■ DATA UNDER STUDY ■
════

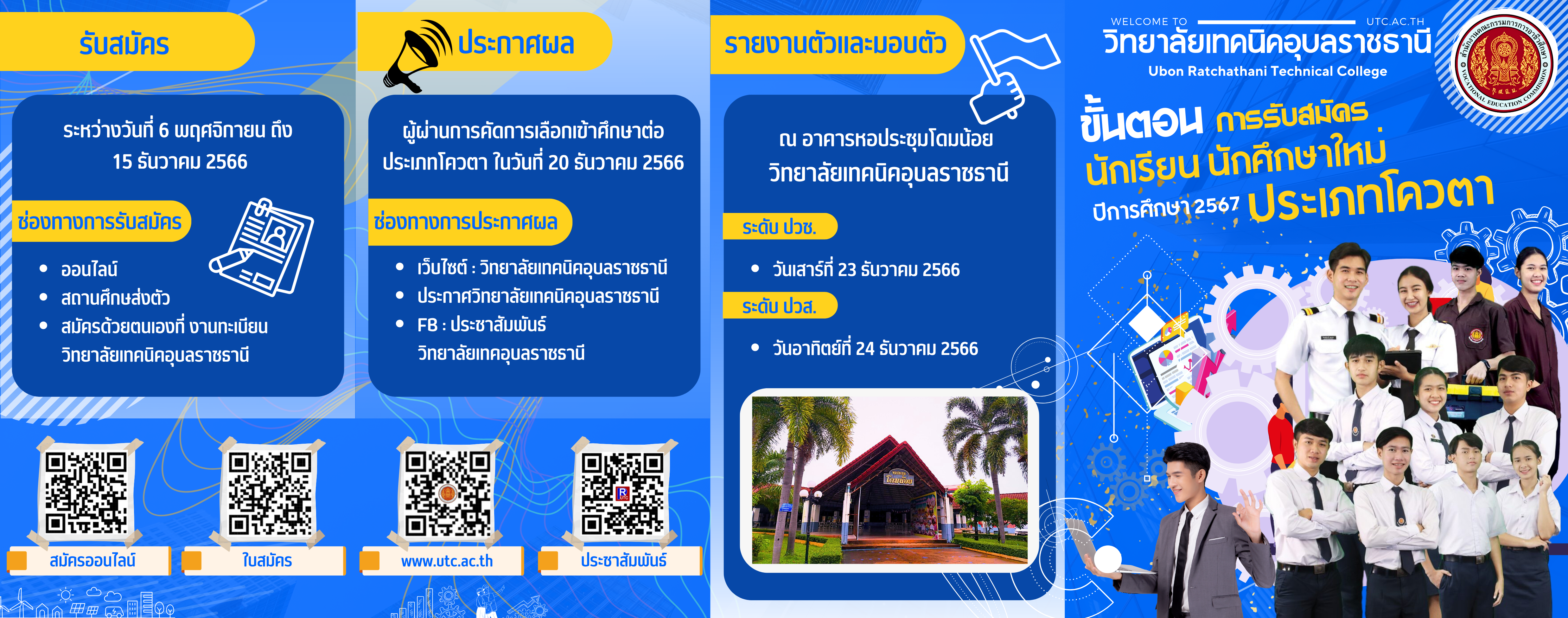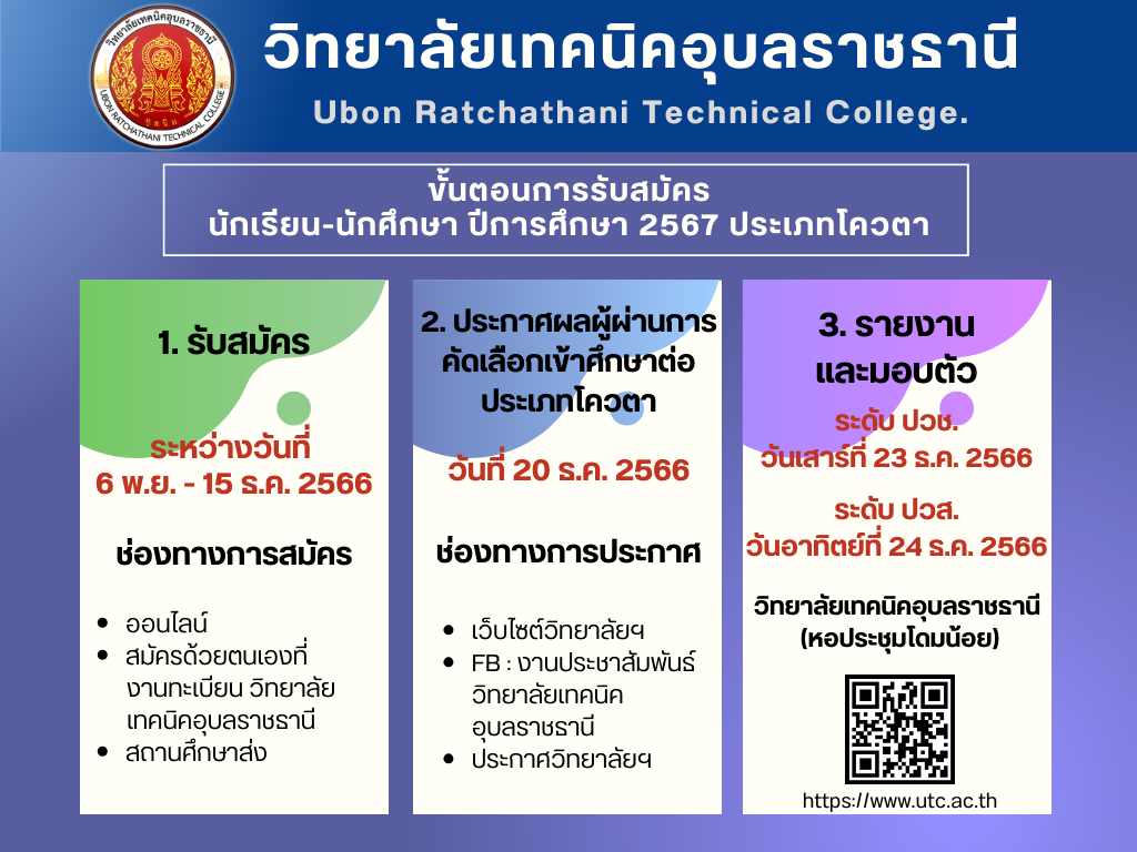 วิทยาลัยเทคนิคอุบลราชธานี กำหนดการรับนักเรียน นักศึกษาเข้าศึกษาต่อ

════

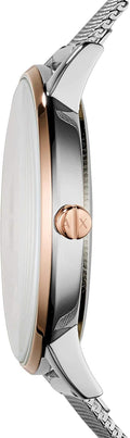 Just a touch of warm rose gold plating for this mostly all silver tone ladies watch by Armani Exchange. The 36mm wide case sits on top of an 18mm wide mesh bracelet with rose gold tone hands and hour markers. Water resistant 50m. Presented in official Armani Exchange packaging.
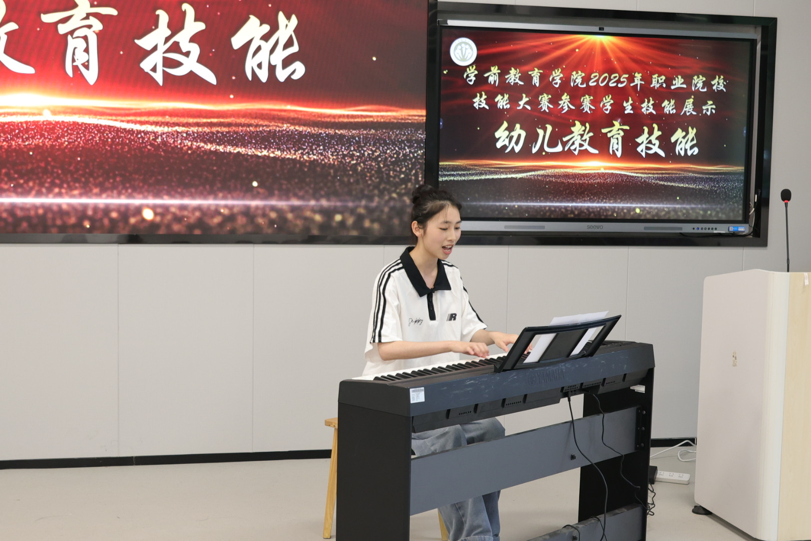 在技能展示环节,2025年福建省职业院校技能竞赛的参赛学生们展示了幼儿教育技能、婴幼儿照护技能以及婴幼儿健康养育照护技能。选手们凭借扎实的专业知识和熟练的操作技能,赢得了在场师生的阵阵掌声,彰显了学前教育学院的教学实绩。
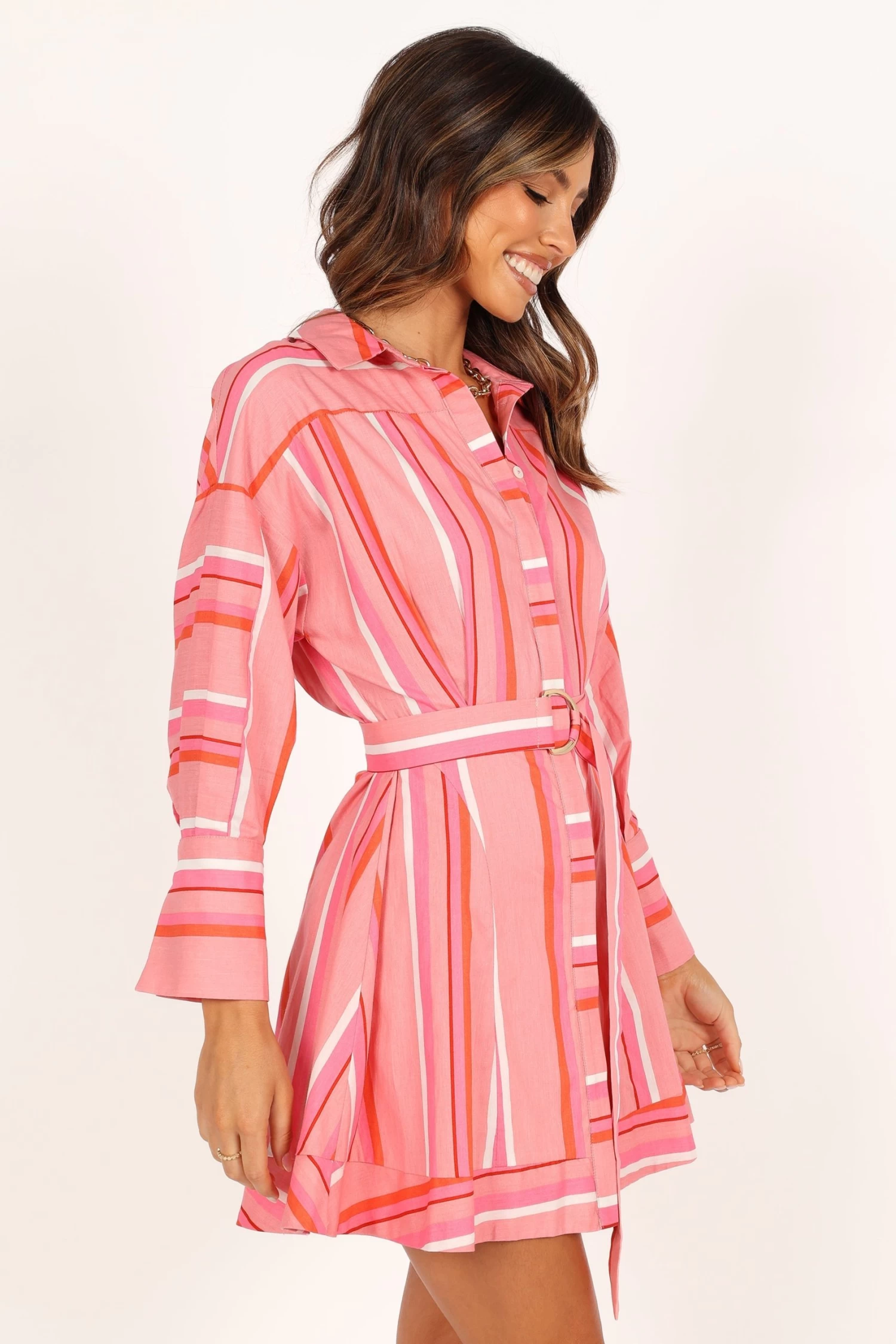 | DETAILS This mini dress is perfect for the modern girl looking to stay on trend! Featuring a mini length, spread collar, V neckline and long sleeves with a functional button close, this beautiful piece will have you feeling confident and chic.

════

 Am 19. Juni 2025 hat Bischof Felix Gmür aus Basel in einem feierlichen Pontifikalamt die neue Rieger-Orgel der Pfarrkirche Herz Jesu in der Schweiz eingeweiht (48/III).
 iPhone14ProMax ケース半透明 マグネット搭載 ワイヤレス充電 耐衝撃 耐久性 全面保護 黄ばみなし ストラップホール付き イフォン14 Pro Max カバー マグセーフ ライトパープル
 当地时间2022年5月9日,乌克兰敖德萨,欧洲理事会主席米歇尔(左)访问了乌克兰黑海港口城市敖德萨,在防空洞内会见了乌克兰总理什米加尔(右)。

════

Within the material above, copy exactly the lines from the line that holds "iPhone14ProMax ケース半透明 マグネット搭載" up to and including the line that holds "当地时间2022年5月9日,乌克兰敖德萨".

■ ANSWER BELOW ■
 iPhone14ProMax ケース半透明 マグネット搭載 ワイヤレス充電 耐衝撃 耐久性 全面保護 黄ばみなし ストラップホール付き イフォン14 Pro Max カバー マグセーフ ライトパープル
 当地时间2022年5月9日,乌克兰敖德萨,欧洲理事会主席米歇尔(左)访问了乌克兰黑海港口城市敖德萨,在防空洞内会见了乌克兰总理什米加尔(右)。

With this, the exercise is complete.